2.6.2. Estatuto da Criança e do Adolescente (ECA)

O Estatuto da Criança e do Adolescente é composto por 267 artigos e foi redigido em 1990. Não há nenhuma previsão específica nomeada como Bullying, mas há muitos artigos que descrevem o contexto que se assemelha ao aqui enfrentado como Bullying ou outras formas de agressão contra a criança e o adolescente. Abaixo faremos a colação de alguns dispositivos legais que se entende terem mais relação com a temática aqui enquadrada.
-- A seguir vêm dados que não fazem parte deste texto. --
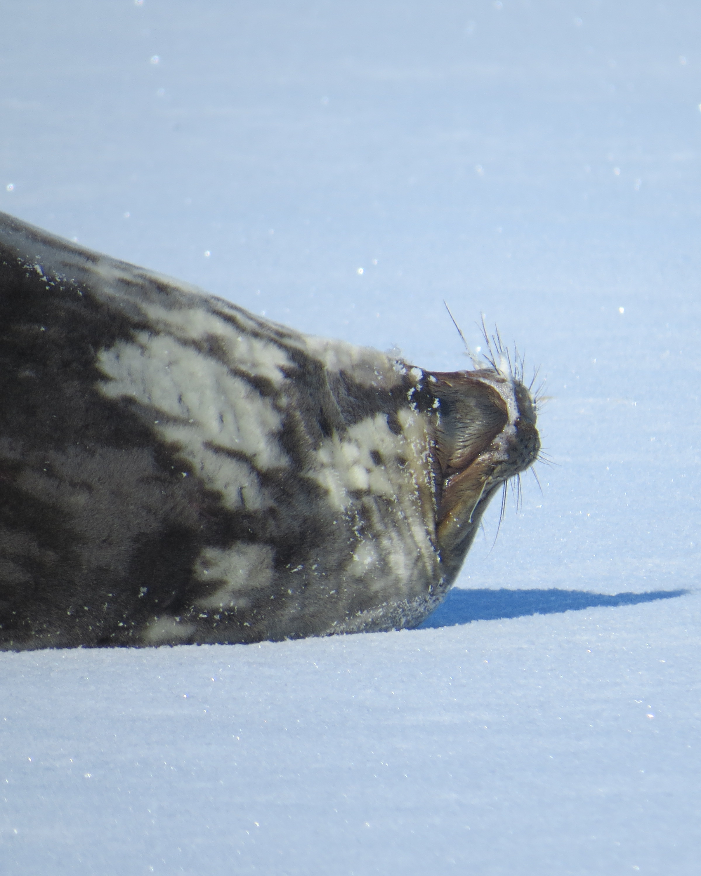 Jennifer Bault uses her camera's zoom lens to check out the whiskers on a Weddell seal. On the sea ice of the Ross Sea, Antarctica.

O artigo 4º, abaixo copiado, consagrou direitos referentes à vida, à saúde, à educação, à dignidade, ao respeito, à convivência familiar e comunitária, que são abalroados nas incidências de Bullying. Bem como, destacou ser dever da família, da sociedade e do poder público protegê-los, ou seja, uma responsabilidade concorrente, de modo que é responsabilidade de todos zelarem pela criança e pelo adolescente:

Art. 4º É dever da família, da comunidade, da sociedade em geral e do poder público assegurar, com absoluta prioridade, a efetivação dos direitos referentes à vida, à saúde, à alimentação, à educação, ao esporte, ao lazer, à profissionalização, à cultura, à dignidade, ao respeito, à liberdade e à convivência familiar e comunitária. Parágrafo único. A garantia de prioridade compreende: a) primazia de receber proteção e socorro em quaisquer circunstâncias; b) precedência de atendimento nos serviços públicos ou de relevância pública; c) preferência na formulação e na execução das políticas sociais públicas; d) destinação privilegiada de recursos públicos nas áreas relacionadas com a proteção à infância e à juventude (ECA, 1990)

De igual importância também o artigo 5º, que assim dispõe: “Art. 5º Nenhuma criança ou adolescente será objeto de qualquer forma de negligência, discriminação, exploração, violência, crueldade e opressão, punido na forma da lei qualquer atentado, por ação ou omissão, aos seus direitos fundamentais.” Cumpre destacar que o referido artigo tem especial correlação com eventual Bullying praticado por professor ou colega.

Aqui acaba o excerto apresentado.